Wolfram Research's new gridMathematica 7 enables users to utilize the built-in parallelization capabilities of its Mathematica application and, thus, run more tasks in parallel on more powerful hardware and clusters. gridMathematica adds extra computation kernels and automated network distribution tools, allowing users to achieve faster execution “without changing a line of code”, says Wolfram. Three different products are part of the series: gridMathematica Local, gridMathematica Server and Wolfram Lightweight Grid Manager. gridMathematica requires Mathematica and is available for Linux, Mac OS X and Windows.
More so than nearly all its rivals, IBM has made “going green” a core mission.

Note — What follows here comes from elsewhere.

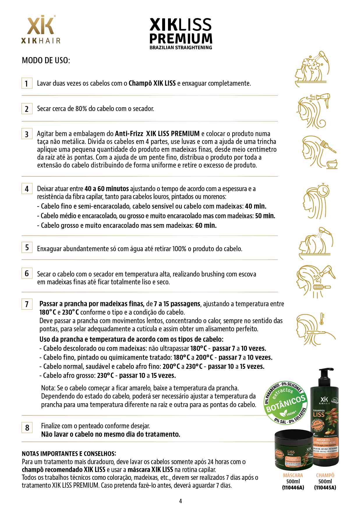 Para um tratamento mais duradouro, deve lavar os cabelos somente após 24 horas com o champô recomendado XIK LISS e usar a máscara XIK LISS na rotina capilar.

Not only has IBM rolled out its “Big Green” and “Big Green Linux” initiatives, but it also has now published one of the few books on green IT, called The Greening of IT: How Companies Can Make a Difference for the Environment. In the book, IBM senior staffer, John Lamb, tackles both macro and micro issues surrounding the reduction of the environmental impact caused by IT operations. At the macro scale, Lamb looks at the role of governments and electrical utilities and the importance of good regulations and incentives. At the micro level, Lamb examines the nuts and bolts of reducing energy consumption in the data center, covering organizational issues, ROI, procurement, asset disposal, measurement of energy consumption, virtualization, cooling equipment and much more. Finally, the author explores case studies of all types and sizes worldwide, including IBM's own $1 billion Big Green initiative.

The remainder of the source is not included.